Мне почудилось, что откуда-то издалека слышится какой-то скрежет и не совсем понятный шум. Корольков тоже стал прислушиваться и тоже слышит шум. Потом мы стали определять, с какой же это стороны. Установили, что звуки эти с юга. Сперва мы слышали просто какой-то непонятный шум, затем нам показалось, что это звук от движущихся автомашин. Я напрягаю слух, и мне кажется, что раздаются вроде бы человеческие голоса. И вдруг мне показалось, что я расслышал слово — мать! Я спрашиваю Королькова: «Ты слышал?». «Да, — говорит, — вроде бы что-то говорят, да и вроде бы какие-то выкрики». И вот я отчетливо слышу, что один голос выделился из других голосов и поминает чью-то мать. Всё становится ясно — это наши. Кто-то кого-то плохо слушает, кто-то кого-то посылает к чьей-то матери. Ну, конечно, это наши! Спазмы от радости подходят к горлу. Хочется смеяться и плакать. Ведь это наши! Наши!!! 

Теперь и Корольков окончательно убедился: это ругаются наши, русские. 

Обычно неприятно слушать, когда люди ругаются. Но у нас такое радостное чувство от того, что мы слышим русскую речь. Причем до нас уже доходит какое-то интуитивное значение этих выкриков. Чувствуется: вроде бы кто-то застрял и кто-то кого-то подгоняет, как бы просит помочь. 

У нас от радости выступают слезы на глазах. Мы в едином порыве открываем дверь в погреб и кричим: «Выходите скорее! Выходите! Наши войска идут!». Все выскакивают, переспрашивают: «Что такое?». Мы говорим: «Слушайте!». Все затихли. Слышим отдаленный приближающийся к нам шум машин и человеческие голоса. Мы говорим, что слышали, как ругались по-русски, и тут услыхали всё отчетливее: 

«Эй, Иван, давай сюда!». Все выскочили из погреба и пошли толпой на приближающийся звук. 

Вышли на площадь к перекрестку дорог. Толпа очень пестрая. Все в лохмотьях, растрепанные. Впереди идут женщины: Вера с Ниной на руках и Фрося с уже заметно выпяченным животом и с младшей девочкой на руках. Я с Люсей за руку, и рядом со мной Корольков со своими детьми Лизой и Сашей. Сзади нас поляки. 

У всех, особенно у нас, русских, радость на лицах. У женщин улыбки и слезы на радостных лицах. 

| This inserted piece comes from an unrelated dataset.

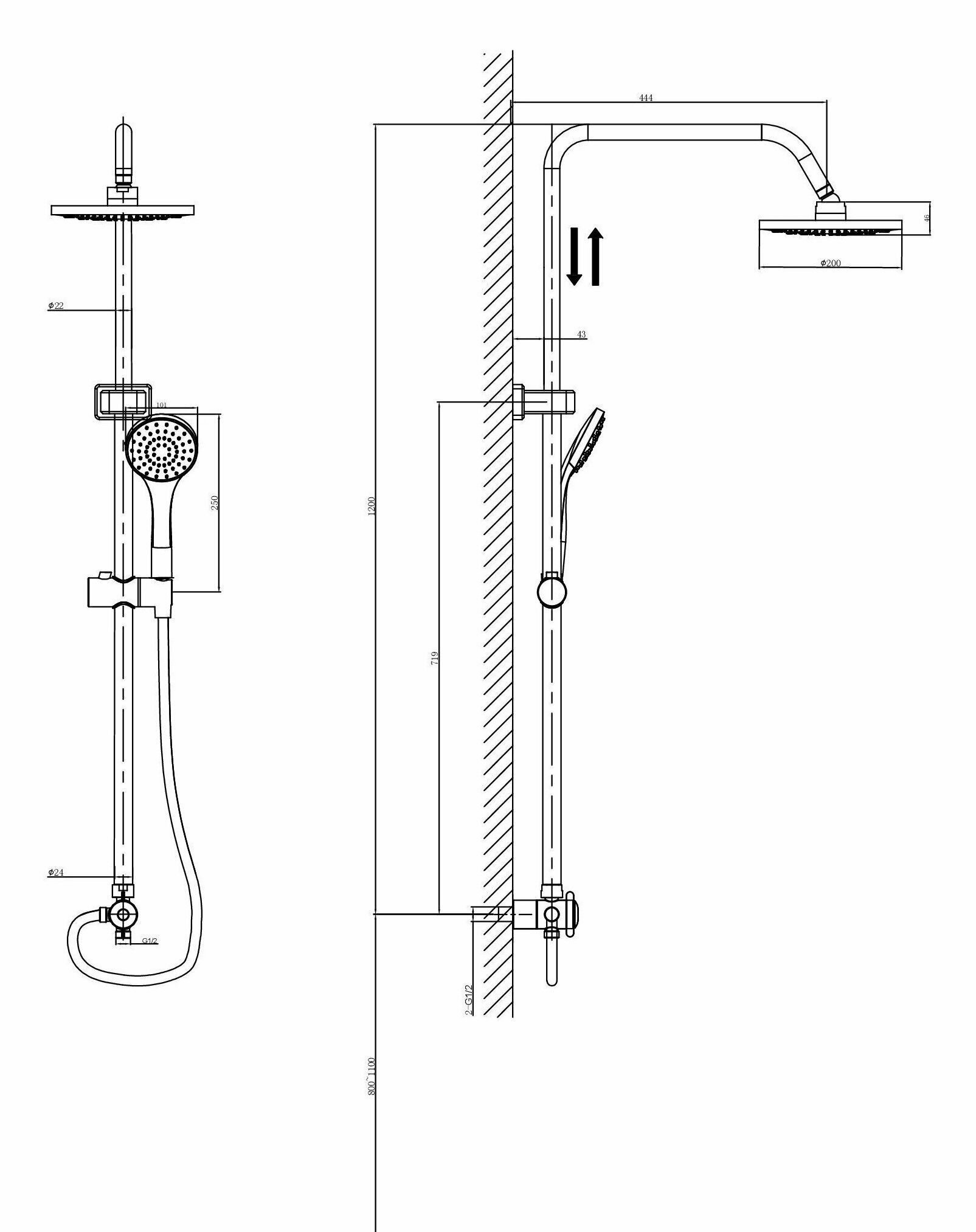 Душевая штанга с подключением и держателем для душевой лейки, латунь, хромированная поверхность.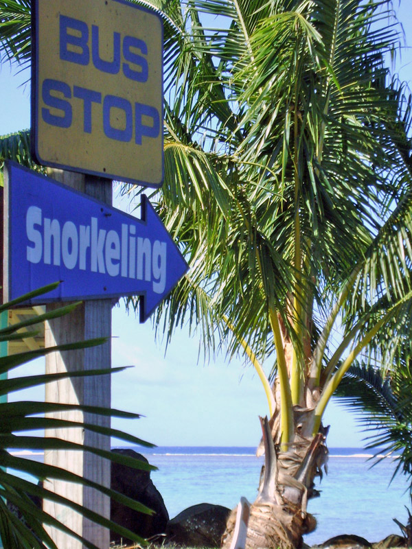 The bus in Rarotonga comes once every hour. Missed the bus? Snorkel while you wait for the next one.

К нам приближается небольшая группа солдат-красноармейцев. Впереди командир. У солдат автоматы на груди. Сзади солдат едет колонна крытых грузовых машин. Увидев приближающихся солдат, мы пошли навстречу им, а затем ускорили шаг и наконец совсем побежали. Видим: с машин соскакивают солдаты и тоже бегут нам навстречу. Мы встретились. Останавливаемся, обнимаем солдат, целуемся, плачем, смеемся. Солдаты берут маленьких детей на руки, целуют их. Солдаты тоже, наверное, вспоминают своих детей, которые остались там где-то в Рязанской или Смоленской области. Начинаются расспросы: «Как вы сюда попали?». Мы спрашиваем, откуда солдаты, нет ли московских. Корольков спрашивает, нет ли белорусов из Чаусс. 

Солдаты нам сочувствовали, видели, что мы все изможденные, оборванные. «Да, наверное, — говорят, — вам не сладко было». Солдаты-красноармейцы выглядели хорошо. У всех было приподнятое веселое настроение. Победы придают духа. 

Обмундирование, конечно, выглядело не очень опрятно, но всё крепкое, хотя подчас замасленное и со следами грязи. Вид у солдат бодрый. Видно, что по чужой земле наступать веселее. Все уже чувствуют: скоро войне конец. Мы услышали первый раз: 

«Скоро Гитлер капут». До этого мы слышали только «Хайль Гитлер».
Это «Хайль Гитлер» у немцев настолько привилось, что вошло в обиход вместо приветствия, заменяющее «Гутен Морген, Гутен Таг и Гутен Абенд» (то есть ‘Доброе утро, Добрый день и Добрый вечер’). 

Воинское соединение стало располагаться в поселке на отдых. Задымила походная кухня. Солдаты стали умываться, бриться. У командиров мы в первый раз увидели погоны. Красноармейцы командиров называют офицерами. Нам в первый раз странно было слышать это. Звание «офицер» и погоны введены в войну. 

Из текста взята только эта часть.